[Data listing — start]

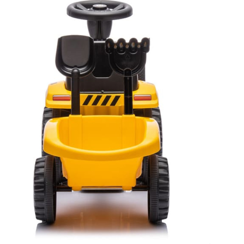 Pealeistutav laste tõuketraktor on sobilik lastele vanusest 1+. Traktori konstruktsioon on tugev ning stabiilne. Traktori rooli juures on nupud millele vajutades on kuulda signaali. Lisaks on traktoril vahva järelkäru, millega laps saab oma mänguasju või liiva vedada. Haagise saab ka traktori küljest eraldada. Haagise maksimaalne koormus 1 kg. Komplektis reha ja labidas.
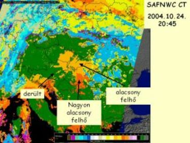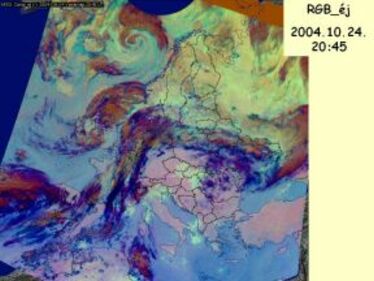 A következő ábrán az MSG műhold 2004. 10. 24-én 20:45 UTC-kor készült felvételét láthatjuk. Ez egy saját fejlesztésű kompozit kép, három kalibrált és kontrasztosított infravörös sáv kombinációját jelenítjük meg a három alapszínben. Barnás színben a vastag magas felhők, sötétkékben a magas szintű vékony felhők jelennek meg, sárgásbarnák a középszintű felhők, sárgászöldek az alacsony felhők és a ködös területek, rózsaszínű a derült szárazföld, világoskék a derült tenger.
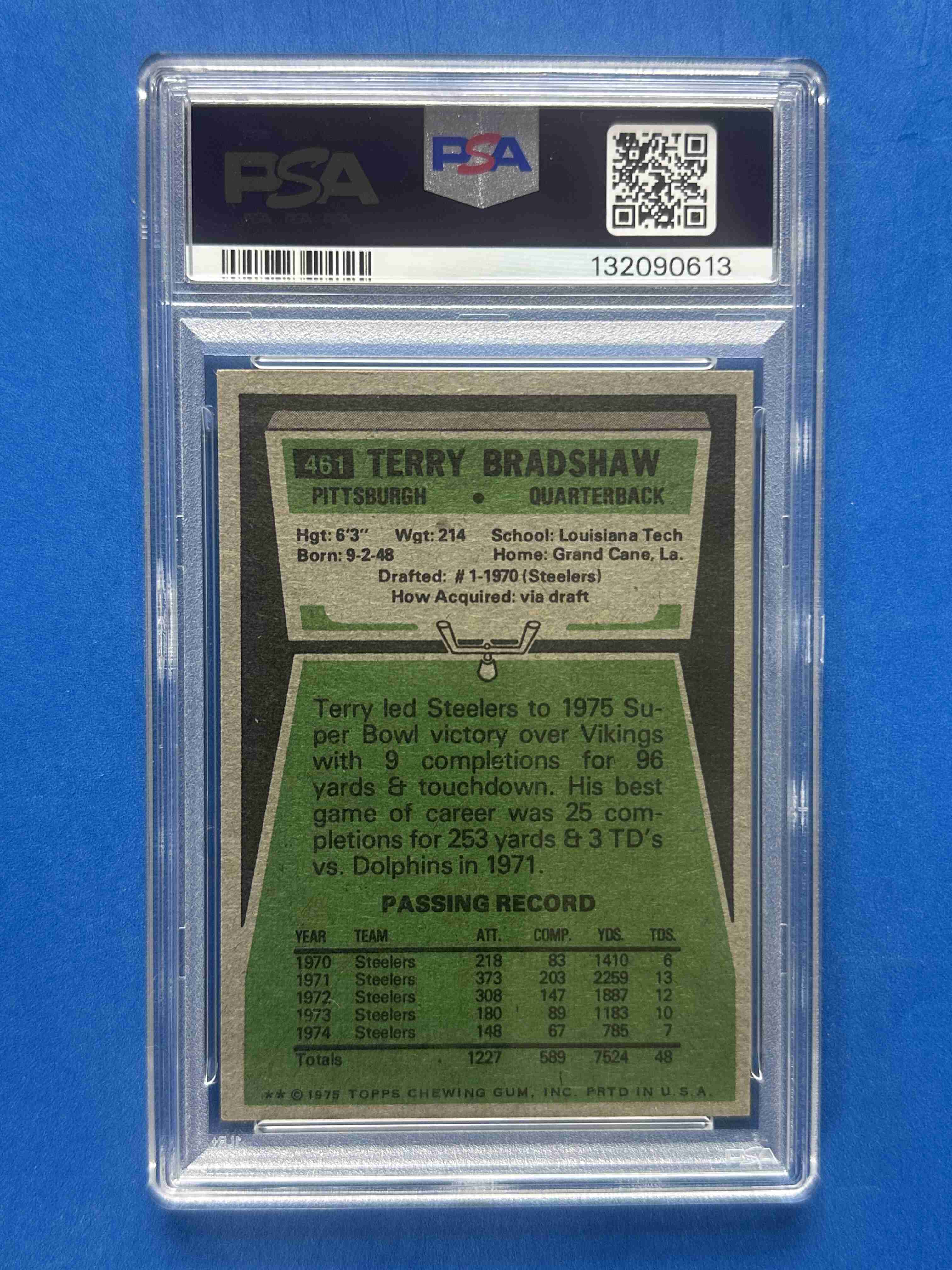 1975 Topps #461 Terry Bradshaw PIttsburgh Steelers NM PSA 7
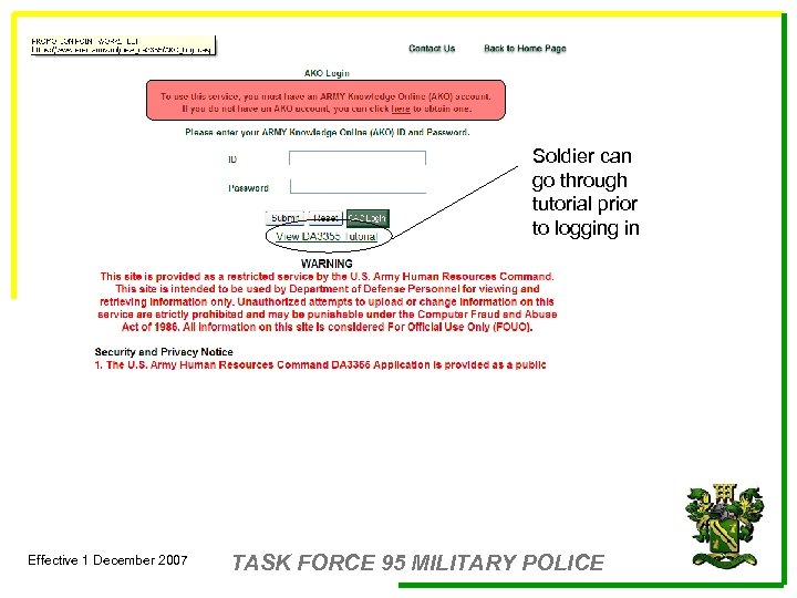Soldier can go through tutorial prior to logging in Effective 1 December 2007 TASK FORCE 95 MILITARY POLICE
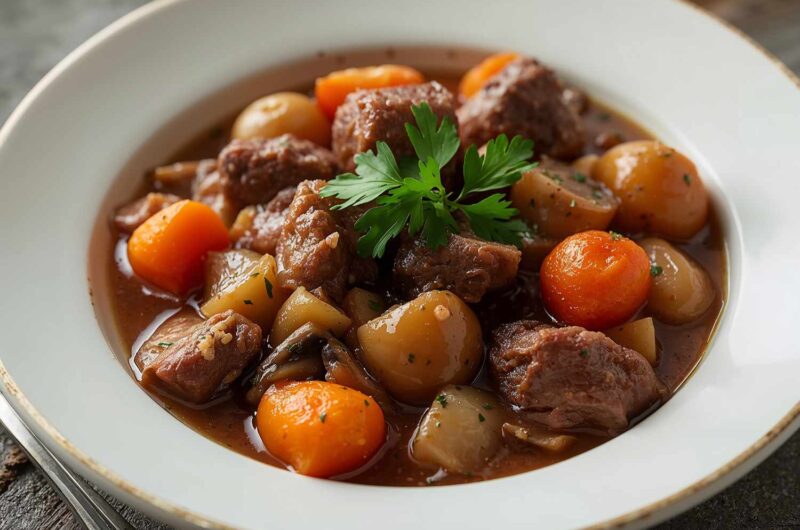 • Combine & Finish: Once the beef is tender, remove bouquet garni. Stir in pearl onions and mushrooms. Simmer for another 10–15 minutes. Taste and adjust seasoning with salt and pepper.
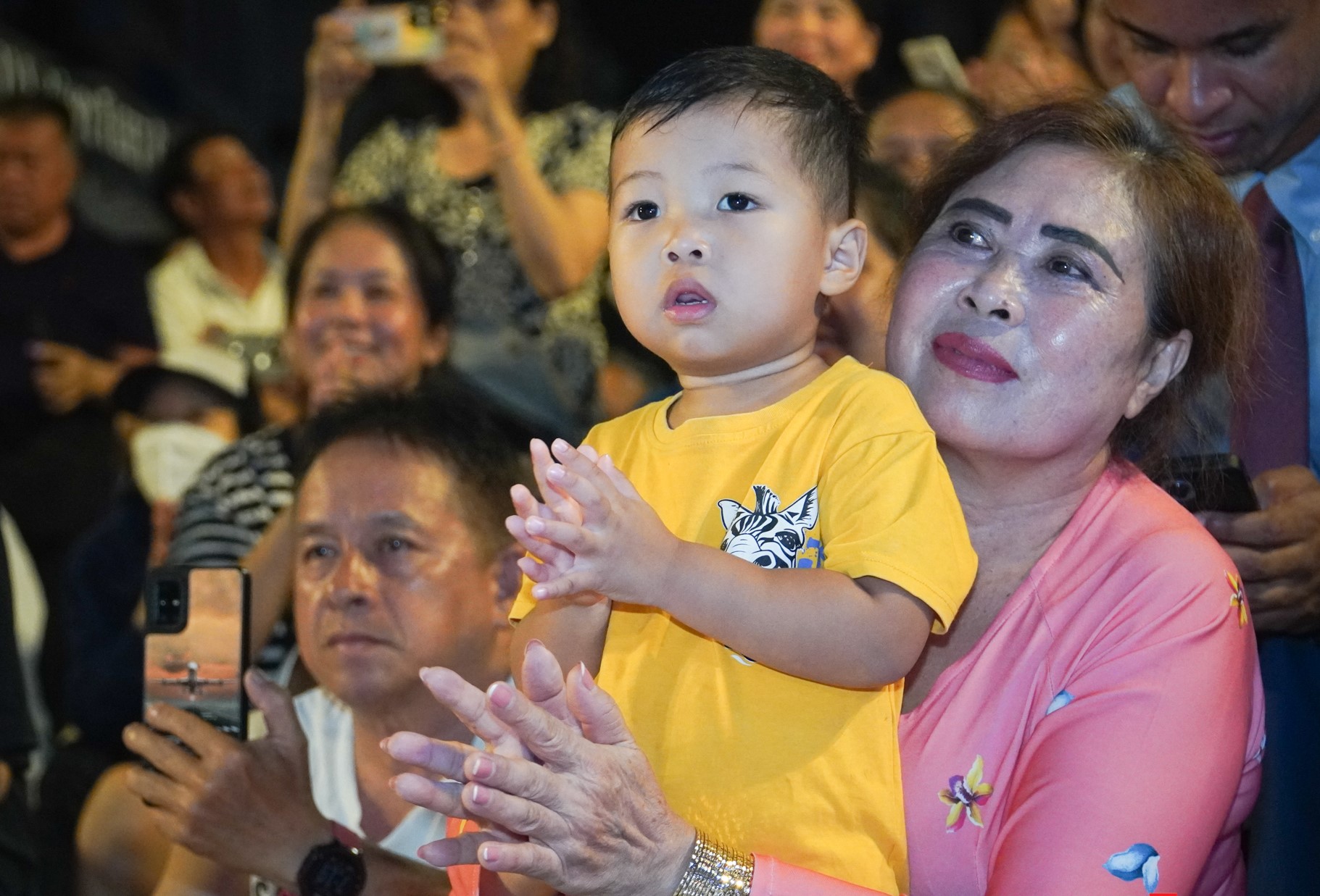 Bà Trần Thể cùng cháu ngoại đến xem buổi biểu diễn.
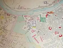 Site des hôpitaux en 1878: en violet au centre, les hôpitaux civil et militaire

[Data listing — finish]

Repeat, exactly and only, the lines from the one containing "Bà Trần Thể" through the final line of the data, both ends included, leaving out any picture.

=== Response ===
 Bà Trần Thể cùng cháu ngoại đến xem buổi biểu diễn.
 Site des hôpitaux en 1878: en violet au centre, les hôpitaux civil et militaire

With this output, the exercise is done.